En lo consiguiente, proponemos que cualquier proyecto de ley en torno a estas materias regulen lo que a continuación se detalla:

Promoción del parto humanizado

Contempla el derecho que le asiste a la mujer de ser tratada con respeto por parte del equipo de salud durante la gestación, al momento del parto y durante su puerperio de modo personal e individualizado, procurando garantizar un adecuado grado de intimidad durante el proceso asistencial y fomentando su autonomía, todo lo anterior en un marco de atención de salud de calidad, basado en las necesidades de las mujeres y la evidencia científica actual, libre de discriminación y considerando la adecuada disposición y utilización de recursos [5]. En la actualidad, en nuestro país durante la atención del nacimiento se practican diversos procedimientos de rutina que no se justifican en mujeres de bajo riesgo obstétrico- que corresponde a alrededor del 70 y 80% de las gestantes- y cuyo uso está contraindicado por las recomendaciones internacionales y nacionales de atención de salud (Binfa 2016)6. Lo anteriormente descrito se refiere a:

  • Negar la libertad de movimiento a la mujer en trabajo de parto y confinarla a la cama.
  • Usar monitorización fetal continua sin patología perinatal diagnosticada.
  • No ofrecer la posibilidad de ingerir alimentos y líquidos durante el trabajo de parto, parto y post parto.
  • No ofrecer la posibilidad a la  mujer de estar acompañada de manera continua por las personas que ella desee durante el trabajo de parto, parto y postparto.
  • Realizar inducción mecánica o farmacológica del trabajo de parto y conducción oxitócica del trabajo de parto que no sean basados en la real necesidad materna y perinatal y por motivos sin justificación médica (feriados, fase latente o inicial prolongada, presión familiar, creencia de pelvis estrecha-feto grande, etc).
  • Usar analgesia peridural rutinaria.
  • Romper membranas de manera artificial.
  • Realizar episiotomía de rutina.
  • Poner a la mujer en posición de litotomía para el parto.
  • Limitar los tiempos de cada etapa del parto.
  • Realizar tactos vaginales por horario.
  • Presionar el fondo uterino: maniobra de Kristeller.
  • Dirigir los pujos en la fase expulsiva del parto.
  • Realizar fórceps profiláctico.
  • Cortar de manera inmediata el cordón umbilical.
  • Separar a la madre y su recién nacido después del parto.
  • Administrar fórmula u otras sustancias al recién nacido post parto sin justificación médica y/o el consentimiento informado de la madre.

Hacer una intervención aumenta la probabilidad de realizar otra intervención y así sucesivamente, más aún si la mujer carece de información y/o preparación completa y actualizada, tiene temor o ha tenido alguna experiencia de parto negativa.

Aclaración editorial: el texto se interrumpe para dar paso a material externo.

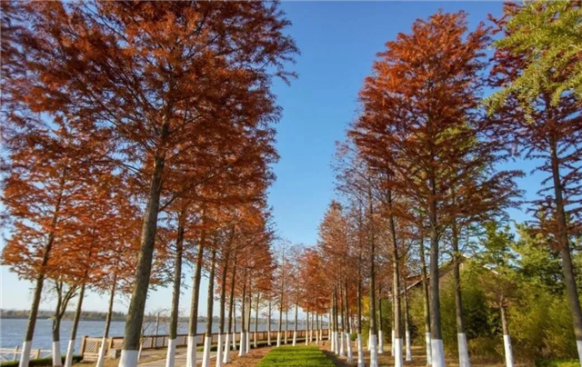 一阵秋风,一抹暖阳,一江秋水,加上鸟儿的点缀,配上随风摇曳的粉黛花海,秋日的香水河岸别有一番风味。回首之处,可以看到炙热红叶与蓝天呼应的相得益彰,翠绿挺拔的松树让秋天带着些许清冷之意,结伴三五好友游园好不惬意。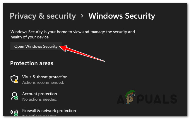 Opening up Windows Security - Once you’re inside the Windows Security tab, move over to the right-hand section and click on Open Windows Security.

Todo lo recién descrito se conoce como “la cascada de intervenciones de rutina” y está altamente asociada a resolver la vía de parto mediante una cesárea sin justificación médica. En este contexto, se entiende que cuando la mujer presenta una complicación médica o cursa una gestación de alto riesgo, las intervenciones son necesarias y Chile cuenta con profesionales idóneos para resolverlas. La propuesta está orientada a evitar intervenciones y procedimientos en mujeres que no las requieran, principalmente en las de bajo riesgo, así como erradicar prácticas francamente violentas (ej. Maniobra de Kristeller).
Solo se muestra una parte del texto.